Dose Reduction Timing for Concomitant Antiseizure Medications: Post-hoc Analysis of a Phase 3, Open-label Study of Cenobamate for Treatment of Uncontrolled Focal Seizures
Louis Ferrari1, Marc Kamin1, William Rosenfeld2
1SK Life Science, Inc., 2Comprehensive Epilepsy Care Center for Children and Adults
Objective:
To examine post-hoc how and when investigators adjusted concomitant antiseizure medications (ASMs) during a phase 3 safety study of adjunctive cenobamate (N=1340).
Background:

A post-hoc analysis of a subset (n=240) of the phase 3 study indicated that reducing doses of concomitant ASMs led to better cenobamate retention (Rosenfeld 2021 Epilepsia).

Design/Methods:
Patients with uncontrolled focal seizures taking 1-3 ASMs were enrolled. Increasing doses of cenobamate (12.5, 25, 50, 100, 150, and 200 mg/day) were administered biweekly; additional increases to 400 mg/day in biweekly 50-mg/day increments were permitted.
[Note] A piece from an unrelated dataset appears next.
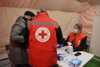 Здесь же были развернуты палатки для сбора гуманитарной помощи эвакуированным.

Dose reductions of concomitant clobazam, phenytoin, phenobarbital, carbamazepine, lamotrigine, lacosamide, and levetiracetam were examined.
Results:

For CYP2C19 substrates clobazam, phenytoin, and phenobarbital, pharmacokinetic interactions resulted in increased plasma exposure and early dose reductions. By Visit 14 (Study Week 52), mean decrease in total clobazam dose was 30.9%; as investigators gained experience, dose reductions were made earlier and more proactively. Potential pharmacokinetic interactions between cenobamate, carbamazepine, and lamotrigine may cause decreased plasma exposure to those ASMs. Most concomitant carbamazepine and lamotrigine dosages were lowered or unchanged; these dose decreases may have led to better  cenobamate tolerability, allowing for successful cenobamate up-titration. Although cenobamate does not cause changes to lacosamide plasma exposure, pharmacodynamic interactions likely resulted in investigators making dose reductions to improve tolerability as the cenobamate dose was increased; by Visit 14 the total daily lacosamide dose was decreased by 21.7%. Maintenance-phase dose decreases of levetiracetam (no known pharmacokinetic/pharmacodynamic interactions with cenobamate), were likely intended to reduce overall drug burden.

Conclusions:
These results support the concept that dosages of adjunctive ASMs (eg, clobazam, phenytoin, phenobarbital, lacosamide) should be adjusted early during cenobamate treatment. As investigators gained experience with cenobamate, earlier and larger dose reductions of concomitant ASMs were made, as reflected by current consensus recommendations (Smith 2022 Neurol Ther. 11(4):1705-20).